20. according to the device of claim 19, it is characterized in that being enhanced the user that type acting server authentication is crossed, between automatic speech register and movement station, set up voice channel simultaneously with the data session channel for one.

21. according to any device among the claim 18-20, it is characterized in that, the keyword that identifies in self terminal user's the voice commands offers enhanced proxy server in the future, and enhanced proxy server comprises the coalignment with the voice commands of identification and the key element of storage/word coupling, so that find relevant hyperlink, send request to the application service provider in view of the above, and when enhanced proxy server is received the content of being asked, it is resolved, analyzes and shift onto the user agent.

22. device according to claim 12, it is characterized in that, for between the user agent of movement station and the enhanced proxy server synchronously, (by enhanced proxy server) introduces a client signal object, insert original backup and be stored in the original contents ((X) HTML) in the described server, and activation (opening) when voice browsed content is pulled to movement station.

23., it is characterized in that the client signal object periodically updates with the signal object value in the enhanced proxy server according to the device of claim 22.

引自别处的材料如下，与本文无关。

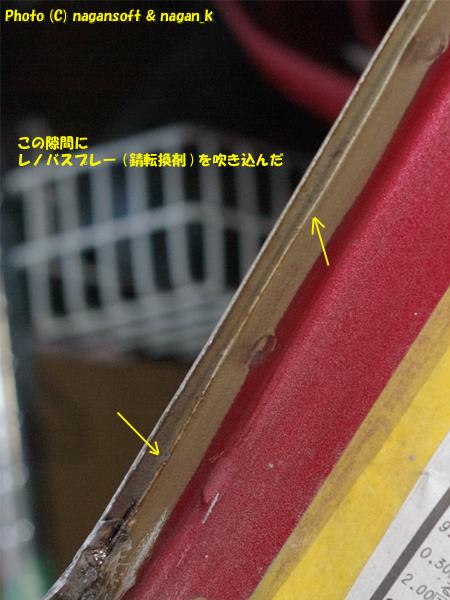 その合わせ部分隙間へレノバスプレー(錆転換剤)を吹き込みました。

24. device according to claim 23, it is characterized in that in user agent's (client) along with the script of original contents download is constantly checked the client signal object, need to determine whether content refresh, and in enhanced proxy server, use a script to activate proxy signal object (opening).

25. device according to claim 23 or 24, it is characterized in that the client signal object uses the WML script variable to generate, obtain from enhanced proxy server, and in enhanced proxy server the storage described script first and second versions, first version comprises the script of signal activation (opening), and second version comprises the script that indicator signal does not activate.

26. one kind allows/provides to it is characterized in that from the method for bimodulus movement station multimode visit simultaneously global metadata communication network, for example internet content it comprises the steps:

-provide to have the acting server that enhancement function browsed in speech,

The rule of keyword is extracted in-definition from institute's browsed content and a plurality of key word/key element,

-show keyword at former meaningful middle finger,

-according to indicated keyword, select the terminal user of key word to select a specific link/hyperlink, so that can visit any web page contents/page, and do not need to change original contents by speech.

27. one kind provides, and (for example, a page etc.) method is characterized in that it comprises the steps: from bimodulus movement station while multimode access internet content

The acting server of-the enhancement function that the speech that provides support is browsed,

-in enhanced proxy server with have between the telephony platform of automatic speech register (ASR) and set up a connection,

-foundation/definition is used for the key element (speech) that speech is browsed,

-determine that speech is browsed whether will to activate and be supported, if,

-between movement station and automatic speech register, set up voice channel (based on user profiles),

-request is transmitted to relevant application service provider,

-resolve content and analyze the paragraph in content/webpage so that find key element,

-in the enhancement mode agency, revise content by changing flag attribute, so that the user can identify key element,

-content of revising in the previous step is sent to movement station,

-open the speech browsing session,

-open voice channel simultaneously with the data session channel,

-in enhanced proxy server, with keyword and the keyword matching of discerning in the voiceband user order predetermined and that select, so that determine to use which link to send the request of obtaining to relevant application service provider,

-handle from the content of application service provider's reception and with it pushing away to the user agent.